Sex and the city: Samantha teve que correr muito para Fleabag poder voar
A notícia está em toda parte: Sex and the City estará de volta para uma nova temporada na HBOMAX. Só que mais que empolgação e expectativas para sabermos como estão estas personagens que influenciaram toda uma geração de mulheres, o que todo mundo quer saber é: existe Sex and the City sem Samantha Jones? Sex and the City, sem sex.

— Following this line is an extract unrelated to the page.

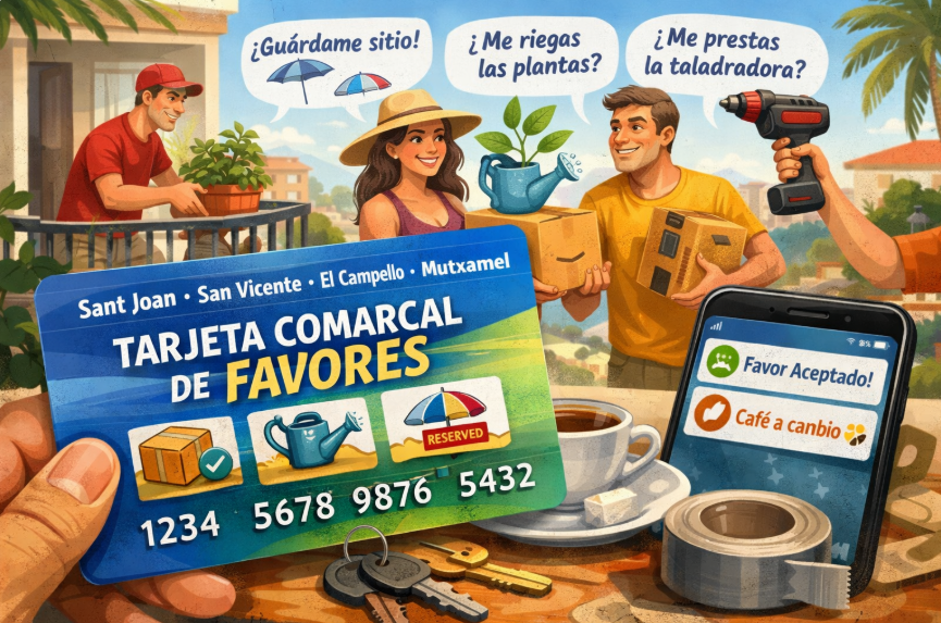 L’Alacantí, 28 de diciembre — Los ayuntamientos de Sant Joan d’Alacant, San Vicente del Raspeig, El Campello y Mutxamel han anunciado de forma conjunta una innovadora medida para reforzar la convivencia vecinal: la creación de la Tarjeta Comarcal de Favores, un sistema pionero que permitirá a los vecinos solicitar pequeños favores entre municipios sin sentirse […]
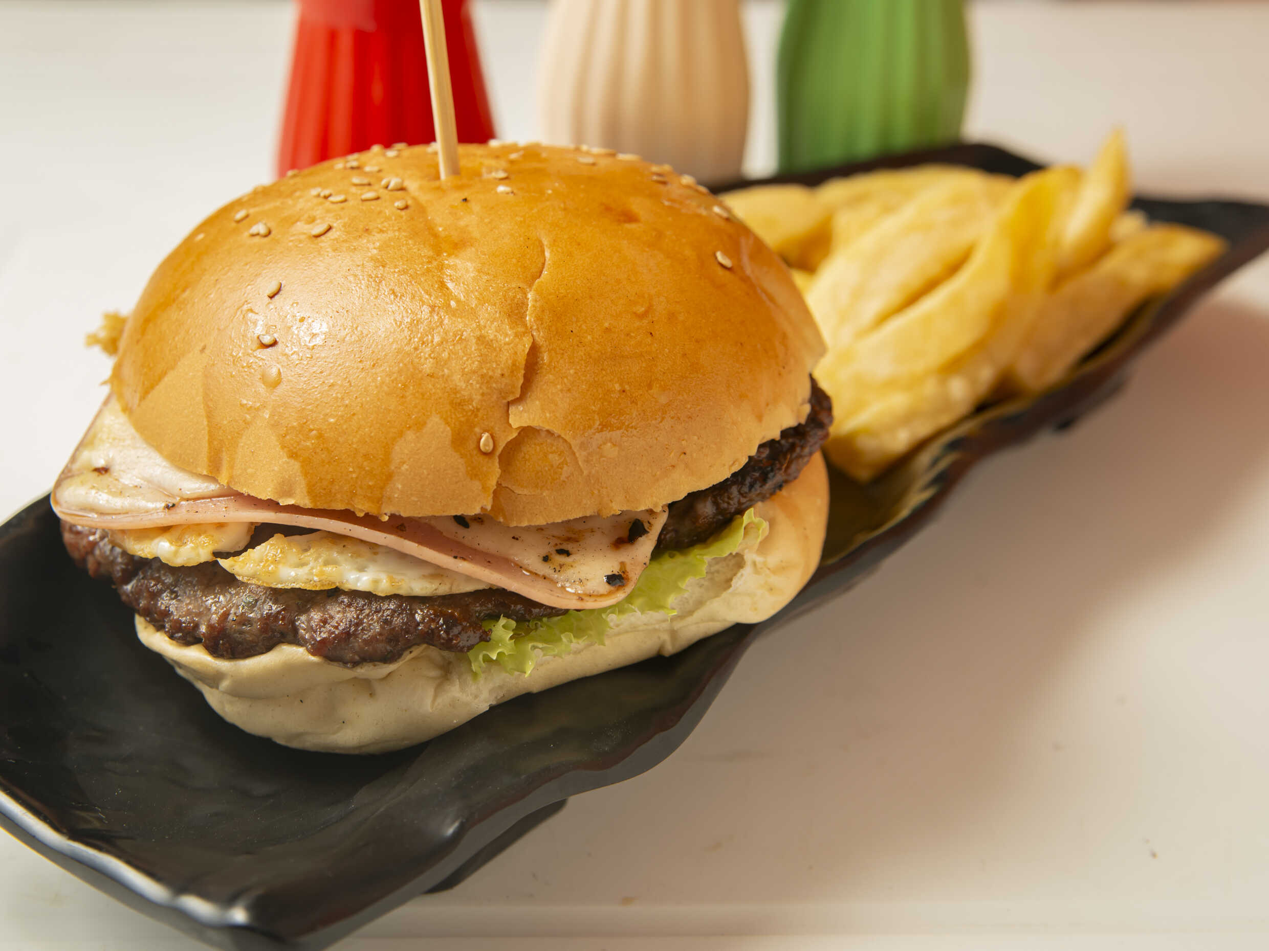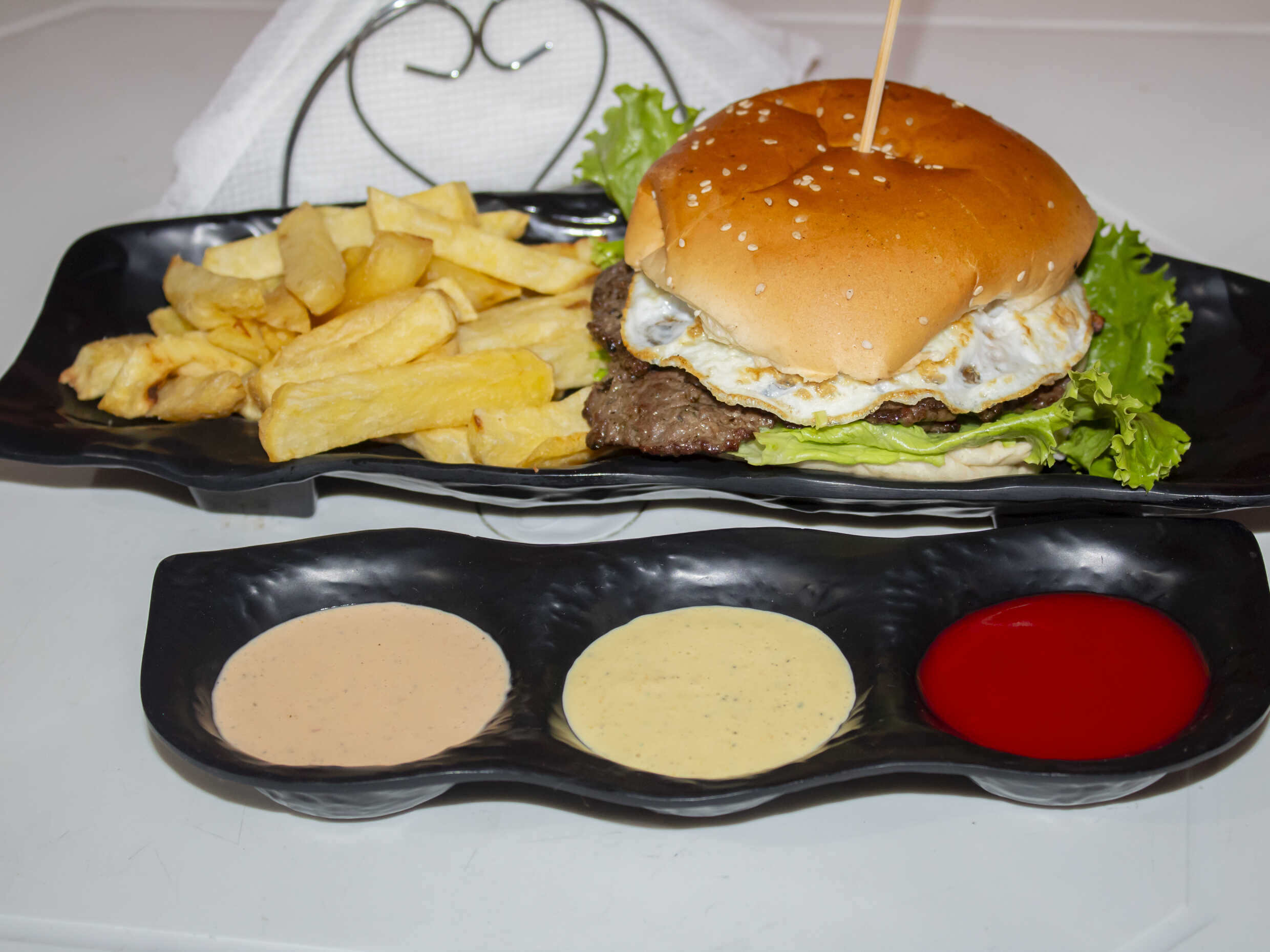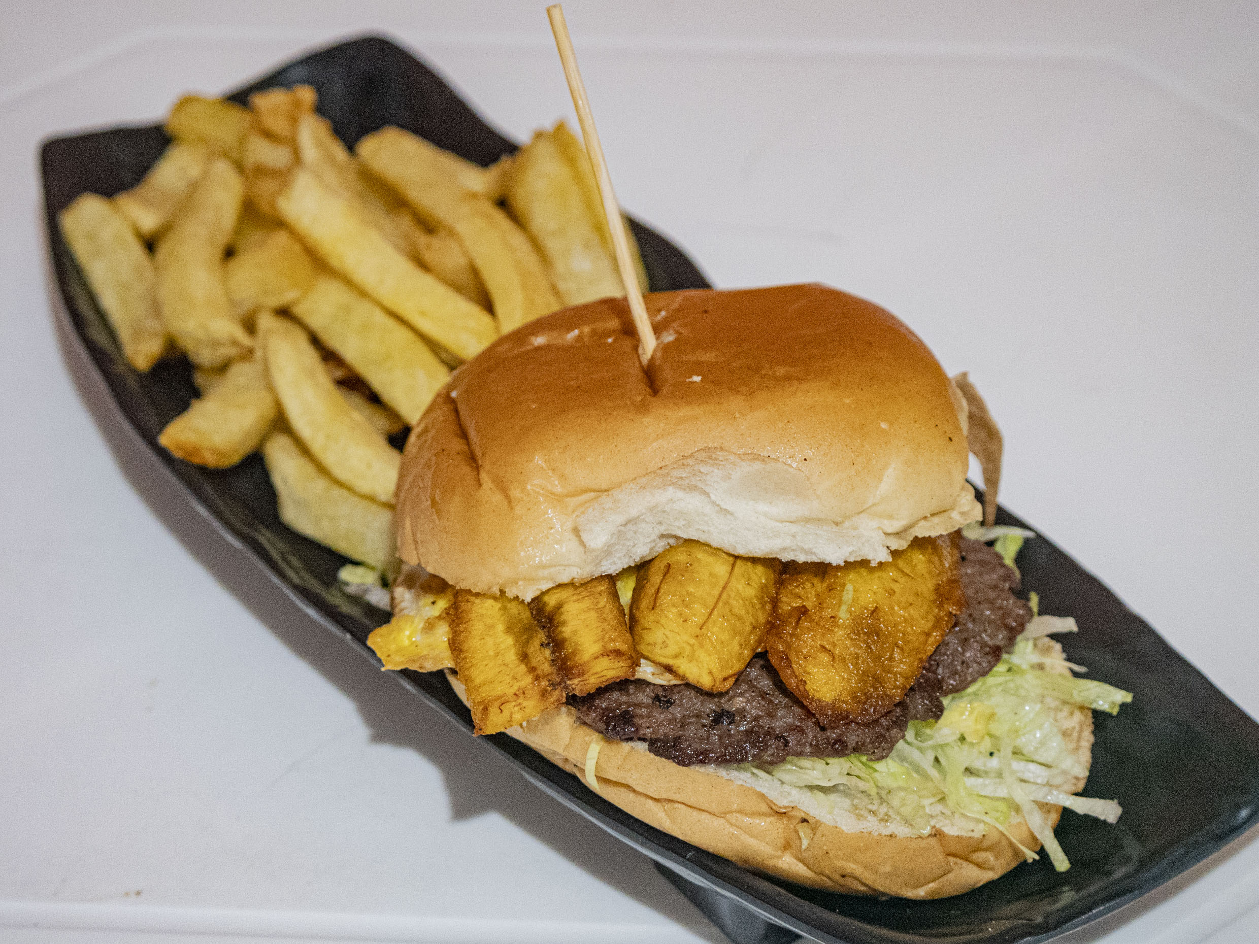 Hamburguesa a lo pobre a elegir entre filete de pollo o carne artesanal, plátano, huevo, pan de hamburguesa, papas fritas y ensalada.

Pois é, cara leitora, é isso mesmo. A atriz Kim Cattrall já mandou avisar há alguns anos, enquanto se especulava a produção de um terceiro filme inspirado na série, que não reviveria o papel de Samantha. Muita gente usa isso pra alimentar aquele velho fetiche social de rivalidade feminina, mas a questão aqui é outra: Kim declarou que ao chegar aos 60 anos resolveu que era o momento de encerrar este ciclo na sua carreira. Quando uma mulher diz não, cabe a toda sociedade respeitar sua escolha.

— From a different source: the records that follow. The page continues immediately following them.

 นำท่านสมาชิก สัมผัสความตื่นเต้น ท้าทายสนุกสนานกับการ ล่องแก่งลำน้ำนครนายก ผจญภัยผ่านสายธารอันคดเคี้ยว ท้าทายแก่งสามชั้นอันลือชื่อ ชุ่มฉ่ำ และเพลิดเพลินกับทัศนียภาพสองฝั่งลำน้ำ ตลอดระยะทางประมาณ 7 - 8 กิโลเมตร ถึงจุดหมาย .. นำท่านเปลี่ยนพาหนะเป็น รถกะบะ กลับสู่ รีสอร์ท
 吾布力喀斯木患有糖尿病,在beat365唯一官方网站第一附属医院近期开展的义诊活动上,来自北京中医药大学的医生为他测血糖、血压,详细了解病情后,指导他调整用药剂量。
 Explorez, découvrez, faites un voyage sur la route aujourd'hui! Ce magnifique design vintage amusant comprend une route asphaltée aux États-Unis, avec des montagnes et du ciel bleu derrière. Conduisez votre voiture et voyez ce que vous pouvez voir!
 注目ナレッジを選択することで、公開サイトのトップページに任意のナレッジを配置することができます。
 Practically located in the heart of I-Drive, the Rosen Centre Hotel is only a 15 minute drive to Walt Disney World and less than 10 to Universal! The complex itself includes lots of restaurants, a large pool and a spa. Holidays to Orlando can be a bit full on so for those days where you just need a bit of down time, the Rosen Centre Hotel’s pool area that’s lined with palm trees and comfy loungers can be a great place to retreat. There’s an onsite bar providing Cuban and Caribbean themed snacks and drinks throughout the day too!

Eu devia ter uns 19,20 anos, logo no início dos anos 2000, quando ouvi falar de Sex and the City a primeira vez numa revista de moda. Sempre fui "a loca das séries" então corri para a revista da TV a cabo para descobrir quando passava essa série que representava tanto a vida da mulher moderna. Eu era uma jovem adulta do subúrbio do Rio, adolescente de igreja, namorinho de portão que não sabia era nada sobre o mundo ou da própria sexualidade.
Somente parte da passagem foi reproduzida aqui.